All of the data that follows is to be printed exactly, without pictures.

*Recorded information*

- - - - -

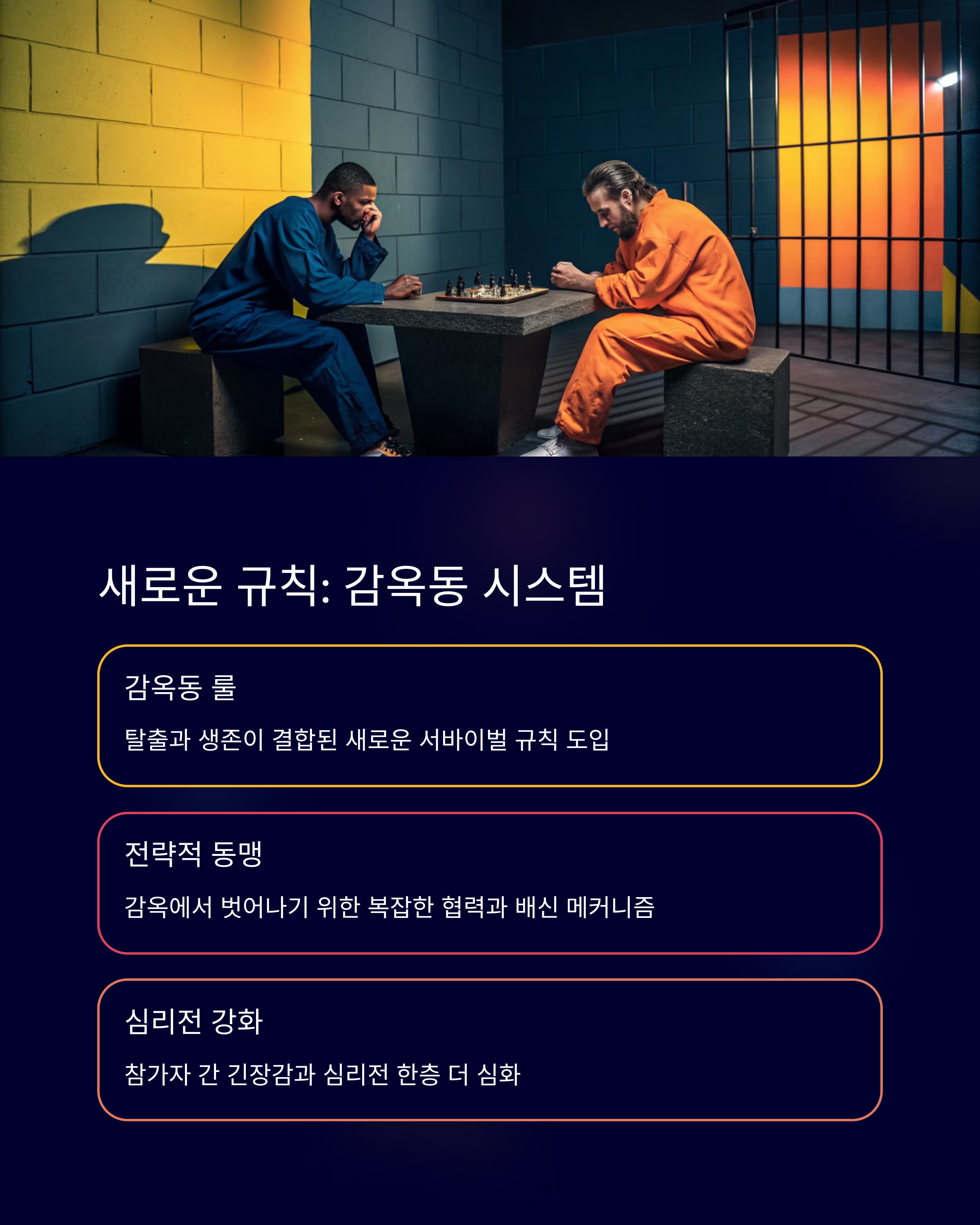 이번 시즌에서 가장 큰 변화는 '감옥동'이라는 구조의 도입입니다. 이는 플레이어 간의 정보 차단과 심리 압박을 강화하는 시스템으로, 게임의 긴장감을 극대화합니다. 전략적 변화 요약은 다음과 같습니다:
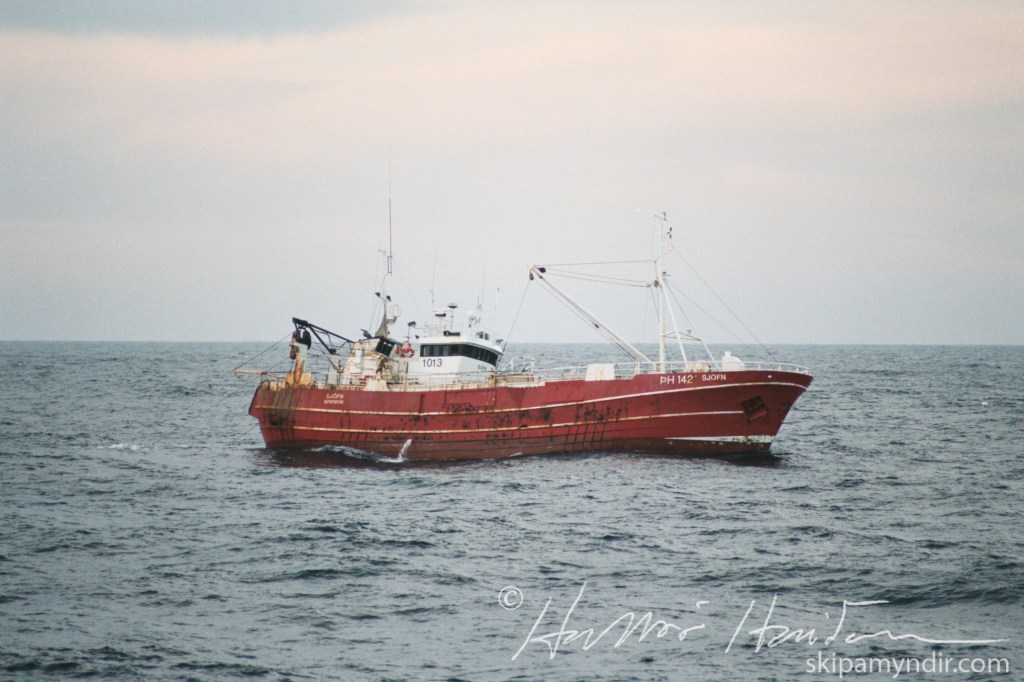 Hér togar Sjöfnin frá Grenivík á rækjuslóðinni um árið en það voru Hlaðir hf. sem gerðu bátinn út.
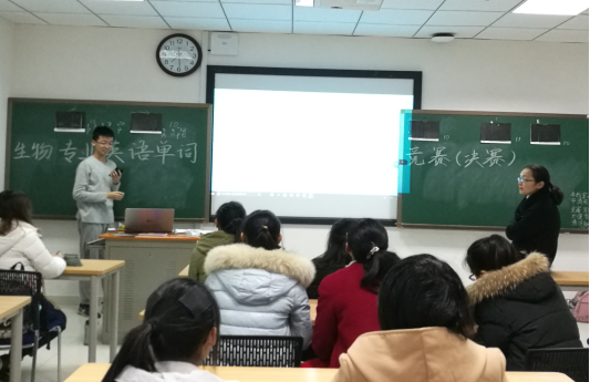 学生会在研究生楼A108教室成功举办“国际化能力提升——生物专业英语单词竞赛”决赛。竞赛由学习部副部长吴宇辰主持,并邀请到主讲专业英语课程的黄静老师作为评委。

- - - - -

*Solution to this exercise*
 이번 시즌에서 가장 큰 변화는 '감옥동'이라는 구조의 도입입니다. 이는 플레이어 간의 정보 차단과 심리 압박을 강화하는 시스템으로, 게임의 긴장감을 극대화합니다. 전략적 변화 요약은 다음과 같습니다:
 Hér togar Sjöfnin frá Grenivík á rækjuslóðinni um árið en það voru Hlaðir hf. sem gerðu bátinn út.
 学生会在研究生楼A108教室成功举办“国际化能力提升——生物专业英语单词竞赛”决赛。竞赛由学习部副部长吴宇辰主持,并邀请到主讲专业英语课程的黄静老师作为评委。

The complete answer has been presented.